Vaat ettiklerini Erdoğan'ın çoktan yaptığı yüzüne vurulunca (ben onun yaptıklarını yapmam dercesine) yerli otomobil projesini rafa kaldıracağını söyledi.
Sırf gururu yüzünden.
Tıpkı, Woody Allen'in opera seyrederken dengesini kaybedip locadan düşen Needleman'ı gibi. (Kazayla değil bilerek düştüğünü kanıtlamak için bir ay boyunca her gece operaya gidip locadan kendini aşağı atmıştı hani.)
Yoksa...
Seçmenden oy isteyen normal bir insan "yerli otomobil üretmeyeceğiz, Almanya'da BMW fabrikasını gezdim, müthiş" der mi?
***
Sevimlilik mi?
Hem Atatürk Havalimanı'nın "millet bahçesi" yapılmasında geç kalındı deyip, hem de üçüncü havalimanına karşı çıkmasının başka bir izahı var mı?
Bilmiyorum, belki siz bunu "sevimli" yerine "andaval" tesmiye edersiniz.
Fakat ben bizzat kendi partisi CHP'den bel altı darbe yediğine inandığım İnce'ye asla öyle demem.
Her şeyden evvel, vurulana vurmak racona sığmaz.
Yeni CHP ve Kılıçdaroğlu İnce'ye çalışmıyor bu kesin. Hatta amigo gazeteleri Sözcü bile önceliği Akşener'e vermiş...
Kimi "Y- CHP'liler" de resmen puştluk yapıyorlar İnce'ye. İşte ben de bunu içime sindiremiyorum.
***
İnce'nin danışmanları ve "image manager"lerinden acayip kuşkulanıyorum.

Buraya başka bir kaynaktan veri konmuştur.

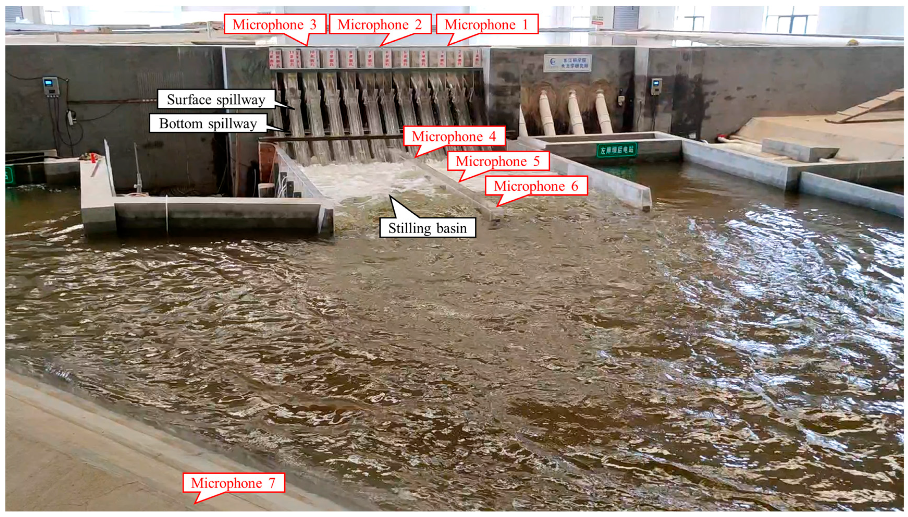 Figure 2. The model was positioned more than 20 m from the walls and 8 m from the ceiling of the test hall. Additionally, the terrain on both sides of the model’s stilling basin was simulated using materials with sound-absorbing properties. This site arrangement significantly mitigated the effects of environmental reverberation during testing. In the experiment, a total of 7 flood discharge noise measurement points were set: 3 on the dam crest, 3 on the partition wall of the stilling basin, and 1 at the viewing platform on the right bank, as illustrated in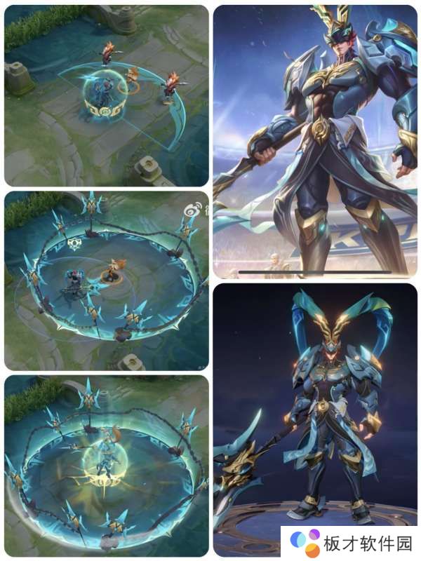 特效里充满了KPL的元素,这也是一款KPL秒杀皮肤哦!蓝绿配色是吕布之前别的皮肤没有的。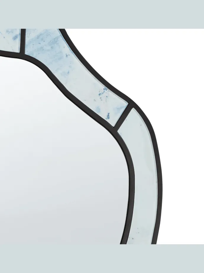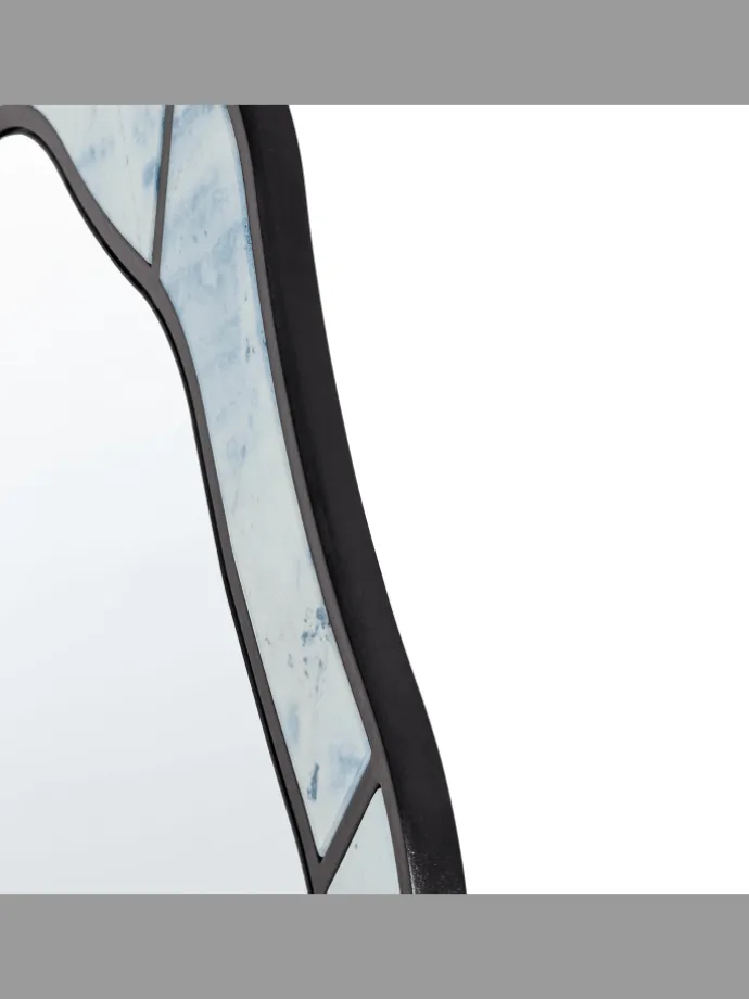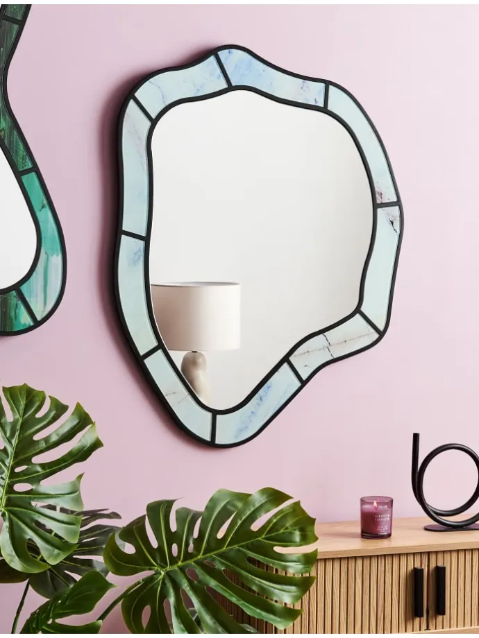 Moderner, asymmterischer Hängespiegel mit breitem Rahmen. Wer seinen Wänden mehr Farbe verleihen und dabei auch einen praktischen Begleiter für sich gewinnen möchte, ist mit diesem einzigartigen Dekospiegel bestens beraten. Seine robuste MDF-Rückseite ist mit integrierten Aufhängern versehen, die das Anbringen des Spiegels zum Kinderspiel machen. Die hellblauen Details erinnern mit ihrer Optik leicht an Marmorstein und sind mit abgerundeten Kanten ergänzt. Dank des originellen Farbverlaufs verzaubert der Spiegel mit einem unvergleichlichen Retro-Design, das ihn auf Ihrer Wand sicherlich auffallen lässt.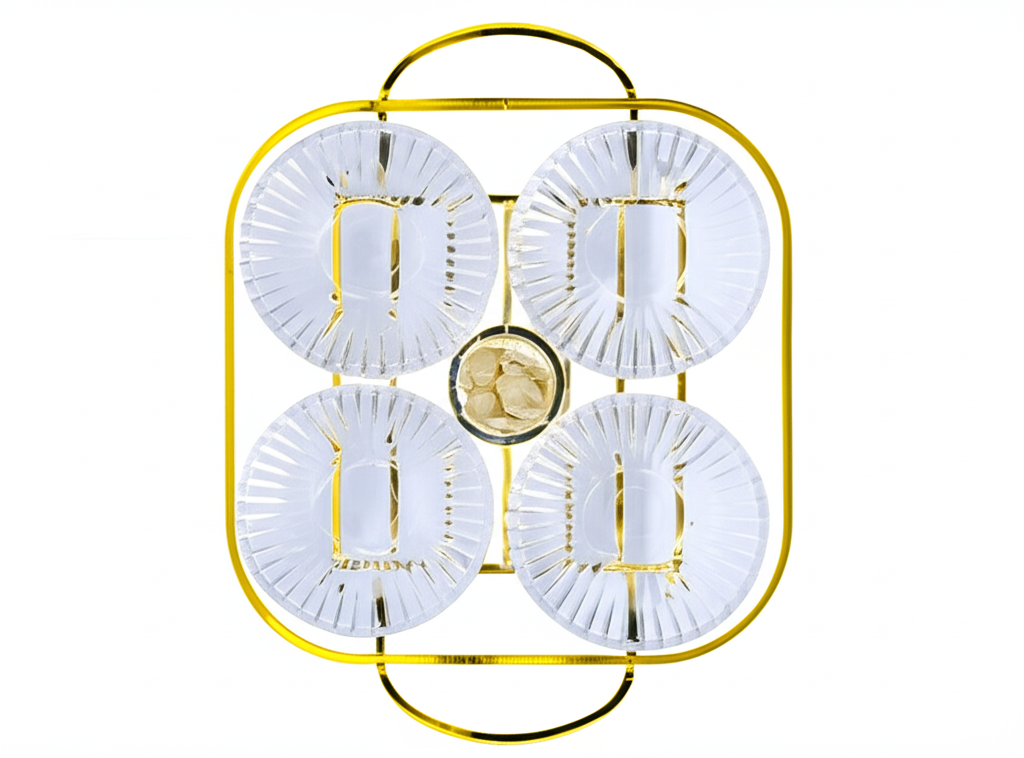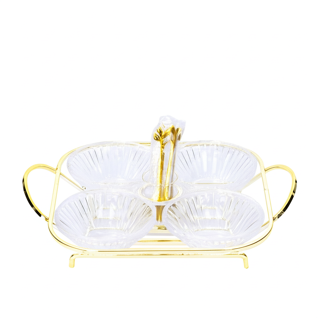 Ele 4PM Elegant Four-Compartment Nuts Stand Serving Set with Utensil Holder (Available in Gold and Silver)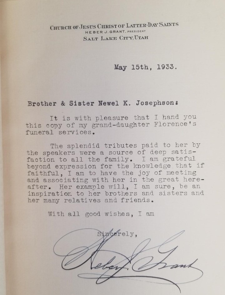 Letter tipped inside front cover is addressed to Brother and Sister Newel K. Josephson. The letter is then signed by Mormon Church President Heber J. Grant.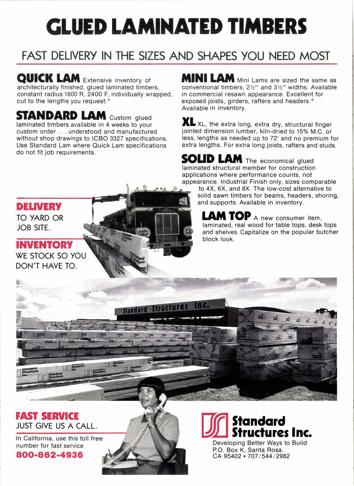 laminated timbers available in 4 weeks to your custom order understood and manufactured without shop drawings to ICBO 3327 specifications. Use Standard Lam where Quick Lam specifications do not fit job requirements.

O kasket nedir yahu, kelebek gibi. İzzet Yasar'ın ifadesiyle, memlekette kasket takan köylü mü kaldı, nedir bu komedi?!
Bisikletle kürsüye çıkmak nasıl bir saçmalıktır?
Böyle giderse bunlar yakında Şener Şen'in Vecihi'si gibi helikopter işine de girerler diye korkmuştum, neyse ki kamyon işine girdiler. (Yanına da muavin olarak Kemal oturaydı iyiydi; "Takozu getir Kemal'im." )
Kim ne derse desin, İnce bu ekipten kurtulur CHP Genel Başkanı olursa bir sonraki seçimde iktidara gelir.
Kemal Kılıçdaroğlu da bunun farkında olacak ki altını şimdiden oyuyor.
"Gel bakalım Muharrem İnce" dedikten hemen sonra, CHP rozetini İnce'nin yakasından söküp çıkarmasının bir anlamı da "buraya kadar, hadi yallah" demekti.
Bunu hepimiz ıskaladık.
Açıkladığı 230 sayfalık beyanname / bildirge tam bir fecaat. Nihat Genç'in dediği gibi PKK yazsa daha fazlasını yazamazdı.
FETÖ derseniz, Kılıçdaroğlu'na göre zaten "tiyatrodan" ibaret. Uzun lafın kısası, İnce'yi sevdiğim kadar Akşener'e gıcığım. Nedeni elbette kişisel değil. Tüm firari FETÖ'cüler Akşener'i çok sevdiği ve umutları gördükleri için.
Benim trajedim de şu:
Gıcık olduğum Akşener'e sevdiğim İnce başkan yardımcısı olmaya dünden razı.